For the past few months, I have completely disregarded numbers.

I have stopped counting calories, logging miles, weighing myself daily, measuring things.

And the results have not been pleasant.

For the majority of my first semester, I was doing great without counting calories. I wasn’t losing, but I wasn’t gaining either. Finally. Maintenance.

But as final exams started creeping up on me, I started to exercise less and binge more. I found reasons to eat a whole pint of ice cream. I found excuses to indulge. And I found reasons to not work out.

And when I went home for break? All hell broke loose.

I wolfed down everything in sight. It was as if the end of the world was around the corner. I over-indulged myself and in the two weeks I was home, I started to lose my sense of health.

My pants grew tighter, my face became rounder, I breathed heavier.

And now, 20 pounds later, I am teetering on the brink between the 180s and 190s.

Remember when I hit the 180s and vowed to never return to the 190s?

Well, shit bonkers (excuse the language) but I’m back in this pothole again.

The good thing is I can get myself out. The bad thing is, why the hell did I let myself get back here?

I am trying not to beat myself up about this, but really, I can only blame myself. I didn’t enjoy my food (ok, that’s a lie, I completely did) but I overindulged because I felt as if I could eat the stress away.

I have been avoiding posting any weigh-ins because I feel like I would be a bad role model, a bad example, a failure.

But truth is, I need to post my weigh-ins. They keep me grounded and focused on the small progress, and I need to see progress.

I want to feel accomplished again. I want to have my clothes fit well. I want to feel invincible.

But I have to earn these feelings. I have to work towards them. And lately, I’ve been wishy washy, like Charlie Brown. I will be super dedicated for four days, then reward my hard work with laziness.

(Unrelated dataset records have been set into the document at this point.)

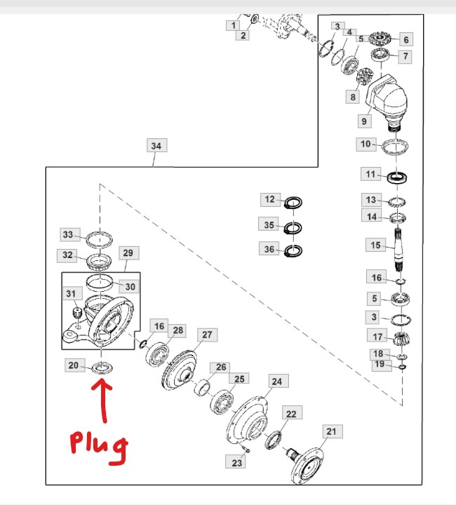I read Dee Gaylord's excellent youtube tutorial on front axle seal replacement for his 4310. I also have a small oil drip out of the plug (about 3" diameter) at the bottom of the front gear case. It looks like you have to punch it and pry out and replace ($12). Looks like it keeps oil in and dust out of the bottom of the gear case. Part number LVU25556 or LVU20868. Any help is appreciated.
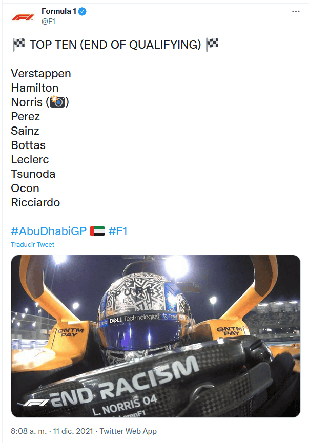 Red Bull dio la sorpresa este sábado en la clasificación para el Gran Premio de Abu Dabi, en la que el piloto neerlandés Max Verstappen logró la "pole position" por delante del británico y siete veces campeón del mundo Lewis Hamilton, mientras que el mexicano Sergio "Checo" Pérez se colocó en la cuarta posición, de la cual saldrá mañana domingo en el circuito de Yas Marina, en Emiratos Árabes Unidos.Mañana, Verstappen saldrá primero, justo por delante de Lewis Hamilton (Mercedes) en la última carrera del año, que decidirá el Mundial de F1 entre ellos -empatados a puntos (369.5) pero con ventaja del primero al contar un triunfo más (nueve del neerlandés por ocho del británico). "Checo" Pérez fue superado por el finlandés Valtteri Bottas, que dejará Mercedes a partir de la siguiente temporada.Verstappen dominó la calificación al cubrir los cinco mil 281 metros de la pista en un minuto, 22 segundos y 109 milésimas, 371 menos que Hamilton.Desde la segunda línea en la parrilla de salida saldrán el inglés Lando Norris (McLaren) y el mexicano "Checo" Pérez, que fue cuarto, a 838 milésimas de Verstappen.OF
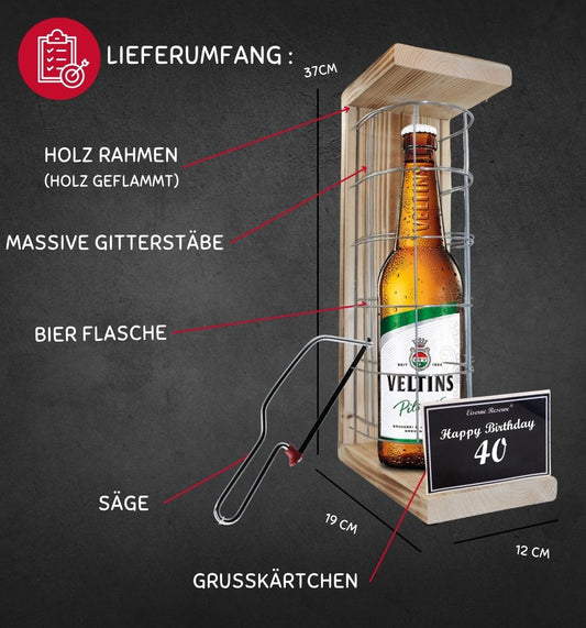 Veltins Pilsener - 40 Happy Birthday - Eiserne Reserve Gitterkäfig Bier Geschenk 40. Geburtstag

So it’s time to change up the method. Now that I have implemented my Little Bag That Could system, it’s time to re-establish my eating routine.

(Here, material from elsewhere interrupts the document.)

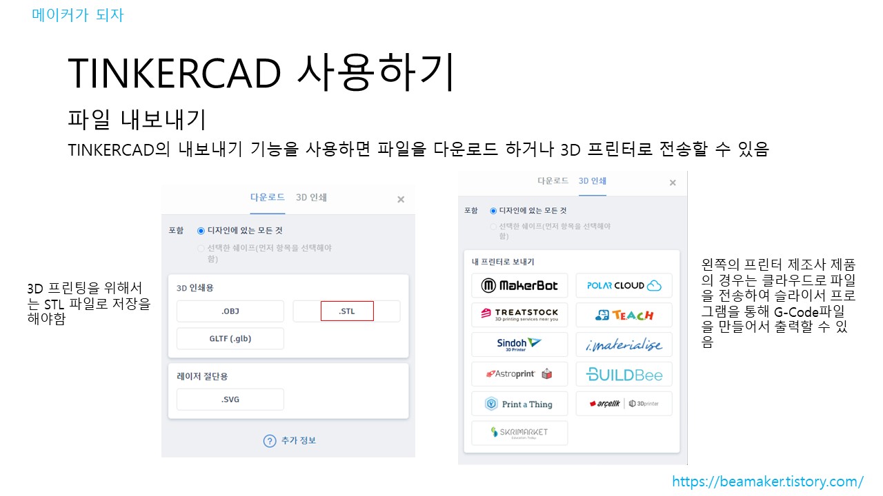 TINKERCAD의 내보내기 기능을 사용하면 파일을 다운로드 하거나 3D 프린터로 전송할 수 있다. 3D 프린팅을 위해서는 STL 파일로 저장을 해야 한다.

It is tedious, writing and counting calories, measuring food and weighing things, but it works. It keeps me focused, controlled and balanced because I know exactly what I’m putting into my body.

Will I have to go through the process of posting my exercise and daily consumption logs again? Perhaps. If it keeps me accountable to myself, yes I will.

Do I have to work on focusing on being healthy and not just thin, thin, thin? Absolutely. And I know that even with all my training and exercising, I’m not healthy at the moment. I am not finding balance in my food, I’m not loving what I eat, because I feel guilty after eating it.

So it’s time to start counting again.

The calories. The miles. The gym time. The bench presses. The push-ups. The weekly weigh-ins.

Am I embarrassed that I’ve gained some weight back? Yes. But it’s time to face the truth and tackle my problems head on. I refuse to be an ostrich and pretend that my issues don’t exist.

 

Have you ever “fallen off the wagon?”

Do you ever feel like gaining weight back is embarrassing?

How do you find balance between life and your eating habits?